简体   繁体   English

解析文件夹中的多个 xml 文件,然后写入中央 csv

[英]Parsing multiple xml files in folder then write to central csv

I'm new to python and have written the following code to parse multiple xml files in a directory and write the content to a central CSV file.我是 python 的新手,并编写了以下代码来解析目录中的多个 xml 文件并将内容写入中央 CSV 文件。

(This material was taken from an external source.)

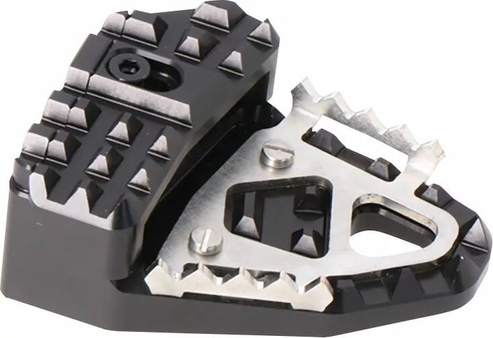 The Extension for Brake Pedal is Ideal for Off-Roading: It Enhances The Original Brake Arm Treat and Guarantees A Safe, controlled use of the brake. , When Standing, The Angle of Your Knee Changes, So Your Foot Cannot Put As Much Pressure on the Smaller pedal. , The extension of husbands it possible for the contact surface to be both broader and higher., Thanks to the raised contact surface, your foot is angled more shals, so it can reach and control the brake arm more easy, even when standing. , That Means the Extension for Brake Pedal Offers Better Safety and Better Control Over the Realar Brake., When Off-Roading, You Often Alternate Between Seated and Standing Positions. , In Addition to the Raised Surface, The Extension for Brake Pedal Features a Widacts Surface. , This is equipped with a ridged Surface, so it offers improved grip when the arm Surface is dirty or wet., Enhances the original Brake Pedal, Raised and wider Surface, Improved Grip Thanks to Ridged Surface ヨ Even Surfae Vet and Dirty
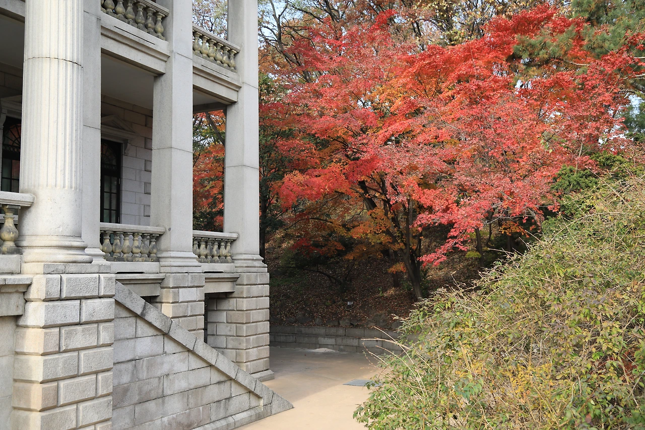 광해군이 즉위식을 했다는 조그만 건물을 지나 단풍이 한창인 뒤편으로 간다. 미술관 건물 옆의 한그루를 먼저 지난다. 축대 위에서 아치를 그리고 있는 나무다.

I have a folder with approximately 30 xml files.我有一个包含大约 30 个 xml 文件的文件夹。 My issue is that it is only grabbing content from the first xml in the folder but not the rest.我的问题是它只从文件夹中的第一个 xml 中获取内容,而不是 rest。 I think I have an issue with not having a loop?我想我有没有循环的问题? I am using Beautifulsoup and would like to stick to this as I have built understanding of it.我正在使用 Beautifulsoup 并希望坚持这一点,因为我已经了解它。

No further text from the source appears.